韩淑慧移开眸子,觉得一双眼睛酸涩的很,是因为陆子初的话,还是因为其他原因,连她自己也分不清楚。
陆子初收敛了冷漠,语气舒缓平和:“你们是我父母,是公众眼中的慈善家,你们关爱弱势儿童,关爱残疾人,面对被病痛折磨的患者,你们会流泪,会觉得心痛,媒体说你们心存仁慈,可这样的仁慈,为什么就不能偶尔施舍给阿笙?她是我喜欢的人,你们爱我的同时,是不是能做到少许的爱屋及乌?走到今天这一步,我真的无路可走了,原以为我可以和她就这么手牵着手一直走下去,但她病了,你看似为我着想的话语全都变成了她的伤。”
韩淑慧眼眶生疼,她不承认冒出来的水汽是眼泪,耳边响起陆子初的声音:“09年,爸爸甲亢半身麻痹送医急救,你吓得接连三天没敢合眼,不仅仅是因为夫妻情深,是因为你深深的眷恋着躺在病床上的男人。

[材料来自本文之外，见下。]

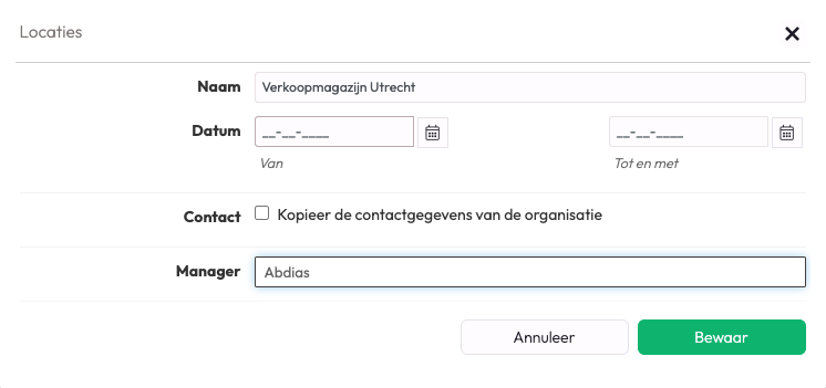 In het scherm dat opent, vul je data in van de nieuwe locatie

阿笙回国后,她的舍友和朋友们通过各种途径想要和她见面,我想让她走出去,但又害怕别人会伤害她;想带她去看心理医生,却又担心她会恐惧不安;她不见了,我会发疯一样去找她;她差点出车祸,命悬一线,我只能发出一道声音,那就是她的名字。我不是没有理智的去爱她,是太明白,七年对我来说已经是最煎熬的时间段,我没勇气再经历一次七年。将心比心,我有多矛盾,你们真的感觉不出来吗?如果你们懂,怎么能劝我离开她,言语施压阿笙,让她放开我的手?”
陆子初面容原是清俊异常,但他今天晚上却气色很差,话语就算说的再如何平静,也带着几分咄咄指责。
韩淑慧没表情的笑了,眸子水雾弥漫:“人这一辈子会爱上很多人,你又怎么能保证她是你的最爱呢?”
“你错了,她不是我的最爱,而是只爱。”
“一意孤行,总有一天你会毁了整个陆氏。”这话是陆昌平说的,对他的孤注一掷和不管不顾,多少有些失望。
陆子初扯了扯唇:“那好,从今天起,我不再是陆氏负责人,顾笙的人生,我自己负责,不给陆氏添黑。”
闻言,陆昌平和韩淑慧呼吸一紧,客厅悄无声息,静的骇人。